Paidy’s offering essentially collects all of a customer’s bills across Paidy-accepting merchants over the course of a month, and then organizes them into a single bill they can pay at the end of the month as they choose. Consumers who like cash can make cash payments at convenience stores, or consumers can link a bank account and pay on demand or set-up auto debiting.
And, although consumers aren’t paying cash at the time of delivery, which might seem to intrude on cultural norms against accruing debt, Cummer noted, because the product doesn’t charge interest for the 30-day billing period, it isn’t thought of by consumers as a loan or credit product.

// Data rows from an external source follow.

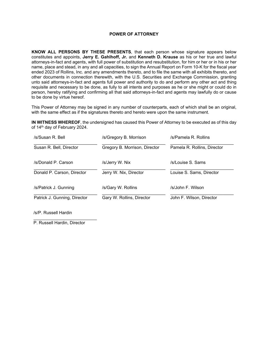 POWER OF ATTORNEY KNOW ALL PERSONS BY THESE PRESENTS, that each person whose signature appears below constitutes and appoints, Jerry E. Gahlhoff, Jr. and Kenneth D. Krause as his or her true and lawful attorneys-in-fact and agents, with full power of substitution and resubstitution, for him or her or in his or her name, place and stead, in any and all capacities, to sign the Annual Report on Form 10-K for the fiscal year ended 2023 of Rollins, Inc. and any amendments thereto, and to file the same with all exhibits thereto, and other documents in connection therewith, with the U.S. Securities and Exchange Commission, granting unto said attorneys-in-fact and agents full power and authority to do and perform any other act and thing requisite and necessary to be done, as fully to all intents and purposes as he or she might or could do in person, hereby ratifying and confirming all that said attorneys-in-fact and agents may lawfully do or cause to be done by virtue hereof. This Power of Attorney may be signed in any number of counterparts, each of which shall be an original, with the same effect as if the signatures thereto and hereto were upon the same instrument. IN WITNESS WHEREOF, the undersigned has caused this Power of Attorney to be executed as of this day of 14th day of February 2024. /s/Susan R. Bell __________________________ Susan R. Bell, Director /s/Gregory B. Morrison __________________________ Gregory B. Morrison, Director /s/Pamela R. Rollins __________________________ Pamela R. Rollins, Director /s/Donald P. Carson __________________________ Donald P. Carson, Director /s/Jerry W. Nix __________________________ Jerry W. Nix, Director /s/Louise S. Sams __________________________ Louise S. Sams, Director /s/Patrick J. Gunning __________________________ Patrick J. Gunning, Director /s/Gary W. Rollins __________________________ Gary W. Rollins, Director /s/John F. Wilson __________________________ John F. Wilson, Director /s/P. Russell Hardin __________________________ P. Russell Hardin, Director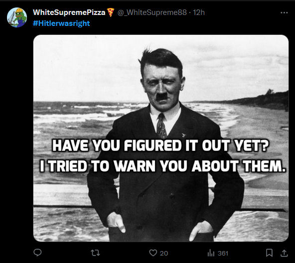 2) Presumably the hashtag Hitlerwasright# is meant as an example of “Jewish Hate,” and the rest of this Hashtag would be “about the Jews.” Isn’t this perilously close to the sentiment being stirred up currently, in millions of people and extending far beyond 4chan and 8chan, by you-know-who, doing you-know-what, in you-know-where.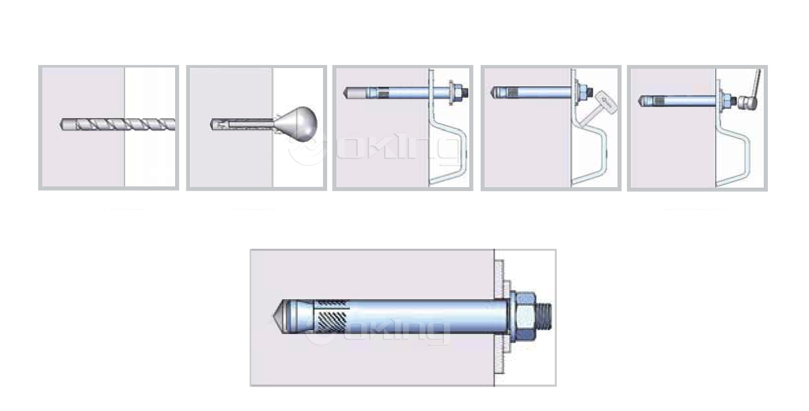 ●Làm sạch mọi mảnh vụn trong lỗi, sau đó đặt neo rải rác qua thiết bị cố định hoặc trực tiếp vào bê tông và đóng lỗ khoan, đảm bảo rằng chúng được lắp ở độ sâu mong muốn.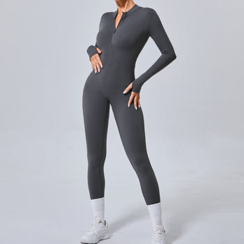 Women’s Seamless Long-Sleeve Yoga Jumpsuit with Zipper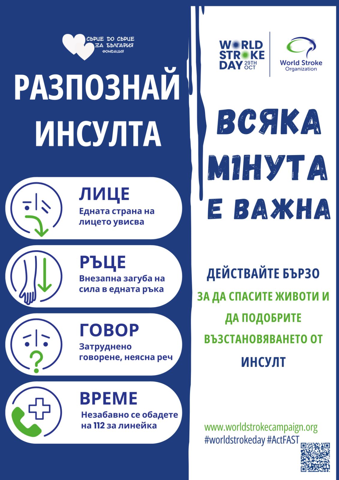 Днес се включихме в отбелязването на 29 октомври – Световния ден за борба с инсулта.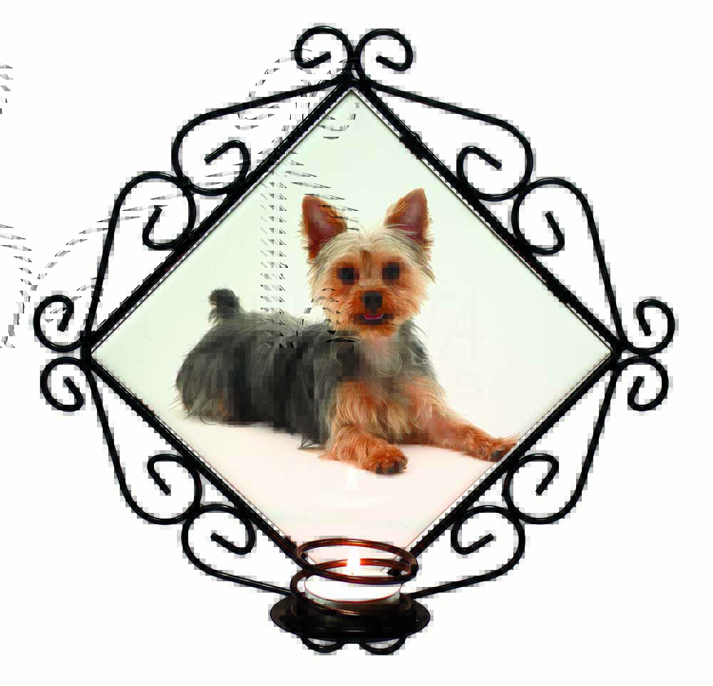 Yorkshire Terrier Dog Wrought Iron Wall Art Candle Holder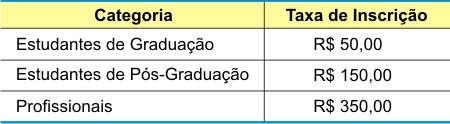 O valor das taxas de inscrição no evento são apresentadas a seguir: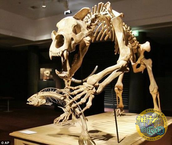 这具骨架展现了一只正在捕鱼的古洞熊
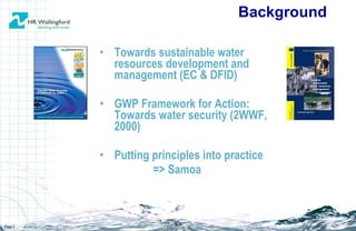 The document discusses the challenges faced by Samoa's water sector, including fragmented management, declining water quality, and insufficient community involvement. It emphasizes the need for a coordinated, integrated approach to sustainable water resource management, highlighting the importance of stakeholder engagement and effective policy development. The strategy aims to enhance public health, community participation, and overall national development through improved water supply and management practices.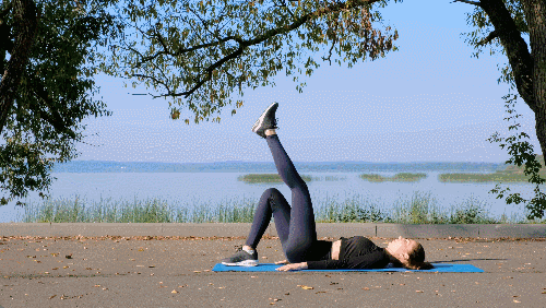 매트 위에 오른쪽 팔뚝을 대고 옆으로 누워 자세를 잡습니다. 왼손은 바닥을 짚어 몸의 균형을 유지하고, 왼쪽 다리를 공중으로 들어 올렸다가 내리는 사이드 레그레이즈 동작을 반복합니다.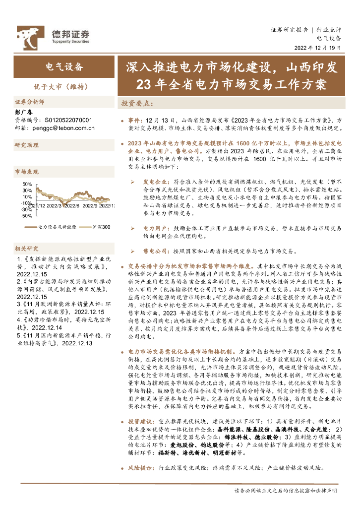 德邦证券:电气设备:深入推进电力市场化建设,山西印发23年全省电力市场交易工作方案.pdf
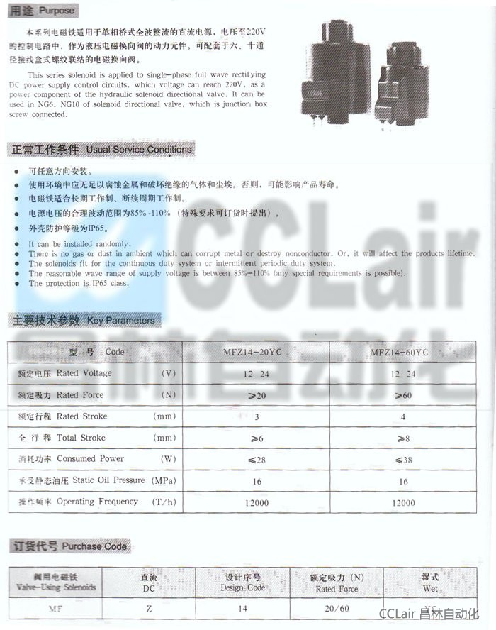 MFZ14-20YC,MFZ14-60YC,直流(接线盒式)湿式阀用电磁铁,生产厂家,价格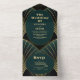 Invitación Todo En Uno Sofisticado Boda Art Deco Verde y Oro

“In Japan, deferred payment options have existed for longer than Paidy, they’ve just never had the consolidation that we have, and they tended to be shorter term at about two weeks,” Cummer said. “We looked at that and thought we could give people basically until next month. And now we’re just looking for improvements … and asking, ‘How can we make that better?’”
Paidy, Cummer told Webster, has big plans for the back half of 2020 in terms of new rollouts and an expanded menu of options for its consumers. Today, he noted, the company has the 30-day term that is interest free, as well as longer term installment offerings to further spread payments out, which have an interest rate roughly comparable to that of a credit card.
Cummer said the firm believes there is even more variation and optionality it can offer within its business model. Although he declined to offer more specific comments about what those product offerings will be, he said the company is planning two big upgrades before the end of the year, as well as a host of smaller improvements to its existing product line.
One of the nice things about the recent funding raise, he noted, is it allows Paidy to think big about helping build a better digital payments product for consumers who are looking to step away from using cash, but who don’t want to switch their mobile and digital purchases to their cards.
Those customers have made it clear they are looking for something different on offer, which means this year Paidy’s purpose is to find as many variations on that difference as it can to better meet consumers where they are and carry on traveling with them throughout their digital commerce journeys.
“My mantra to my management team internally is unique services are valued uniquely by consumers,” he said. “If I want a pumpkin spice latte, I’m going to walk the extra block to Starbucks. We think the same is true if you are the only payment service that can give the customers exactly what they want in terms of a repayment profile.”